___ Provided data
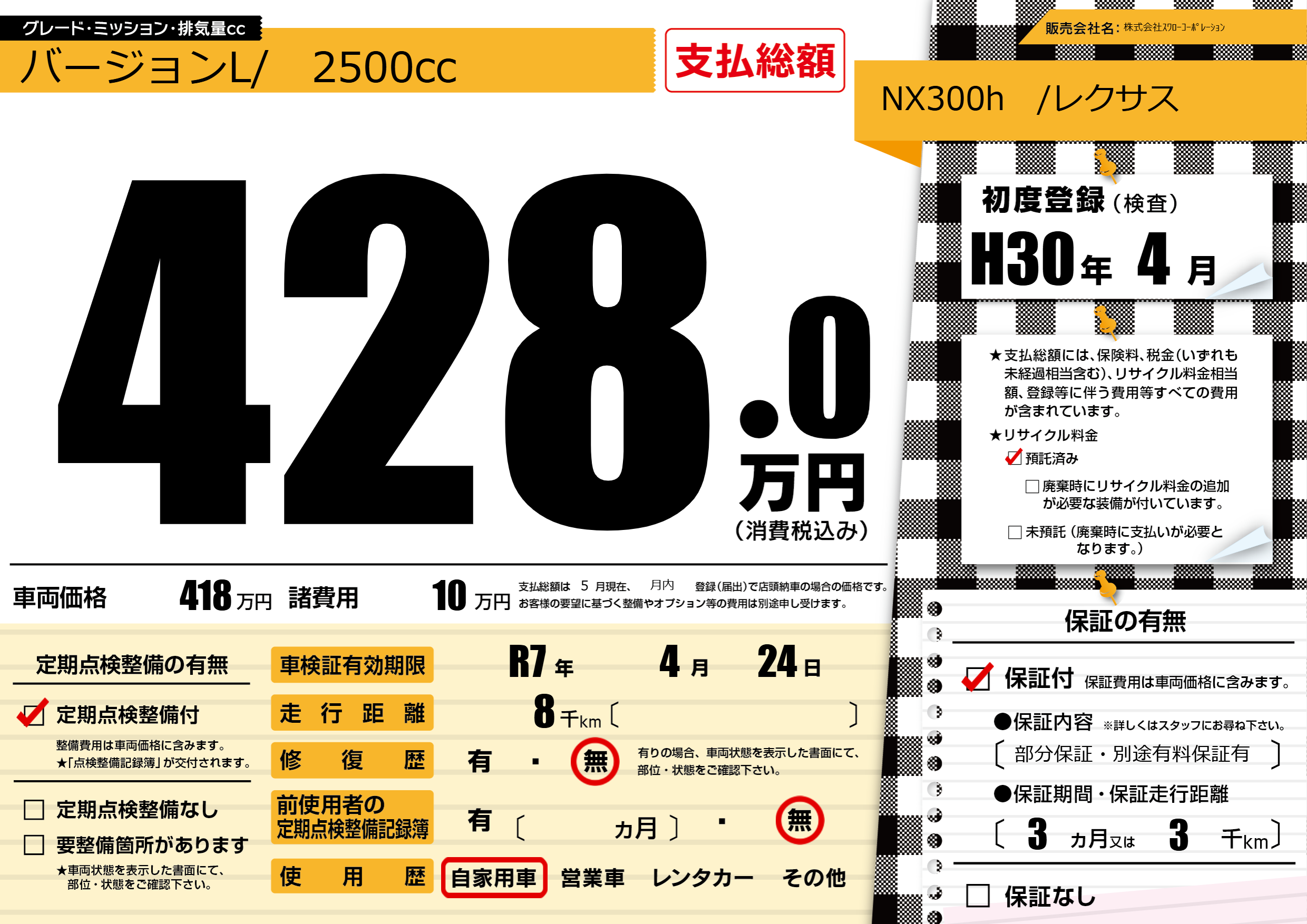 | 車名 | NX300h /レクサス | グレード ミッション 排気量 |
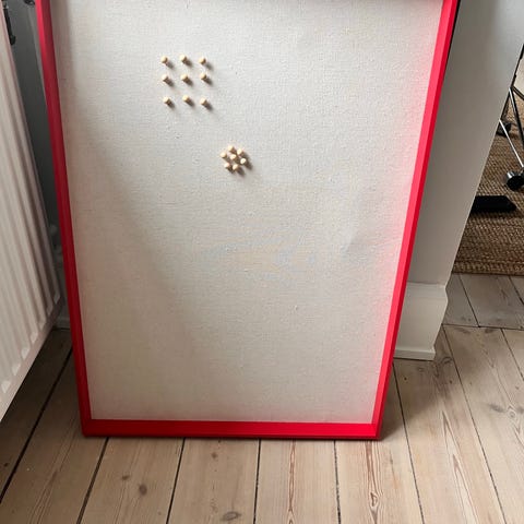 Håndlavet opslagstavle i blød træfiber beklædt med hør.
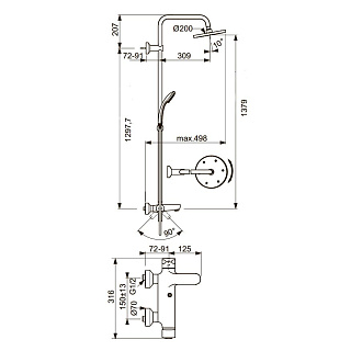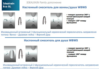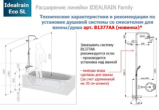 Расход воды: Излив – 22 л. - Верхний душ – 11 л. - Ручная лейка – 8 л.
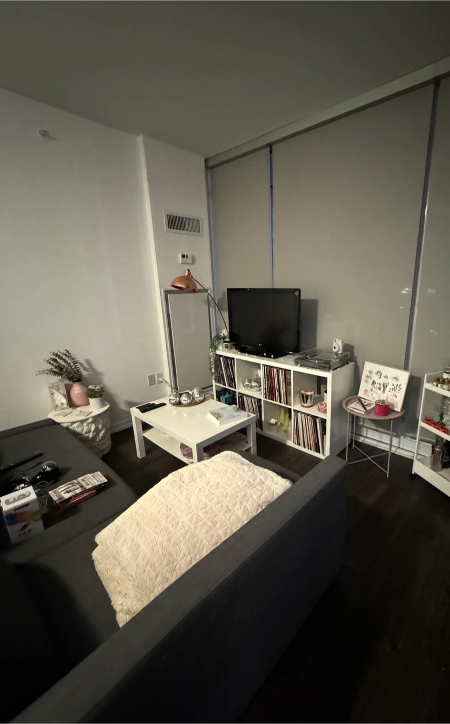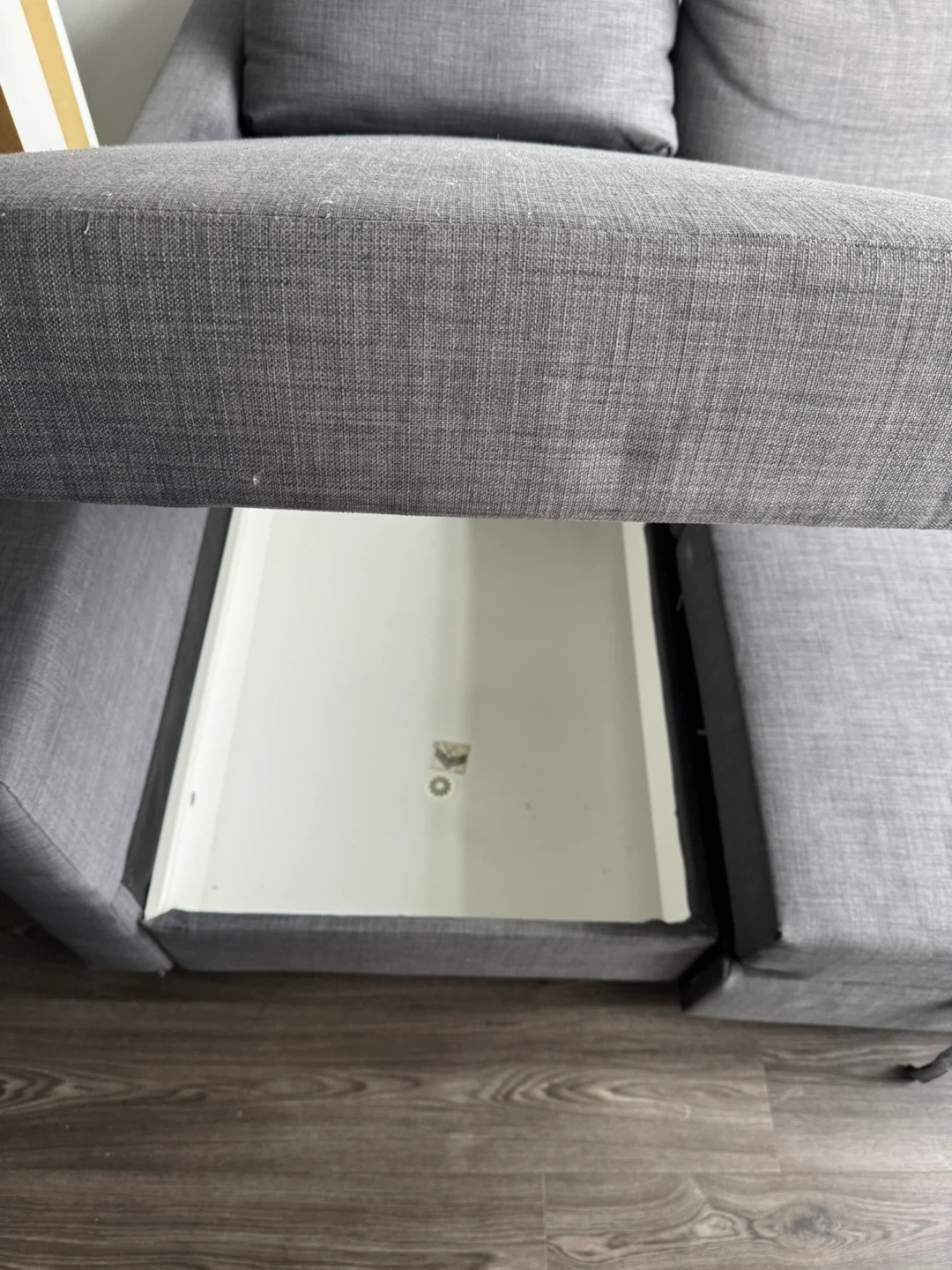 Selling a FRIHETEN sectional sofa-bed from IKEA in Skiftebo dark gray. It's in good shape and ready for a new home. Perfect for lounging or accommodating guests! It also has storage underneath. We moved and needed a bigger couch. We can take it apart but you will need to get it out of the unit. There are elevators
______
_Exercise details_: Omit the pictures, and quote the material above exactly as given.

_Task result_:
 | 車名 | NX300h /レクサス | グレード ミッション 排気量 |
 Håndlavet opslagstavle i blød træfiber beklædt med hør.
 Расход воды: Излив – 22 л. - Верхний душ – 11 л. - Ручная лейка – 8 л.
 Selling a FRIHETEN sectional sofa-bed from IKEA in Skiftebo dark gray. It's in good shape and ready for a new home. Perfect for lounging or accommodating guests! It also has storage underneath. We moved and needed a bigger couch. We can take it apart but you will need to get it out of the unit. There are elevators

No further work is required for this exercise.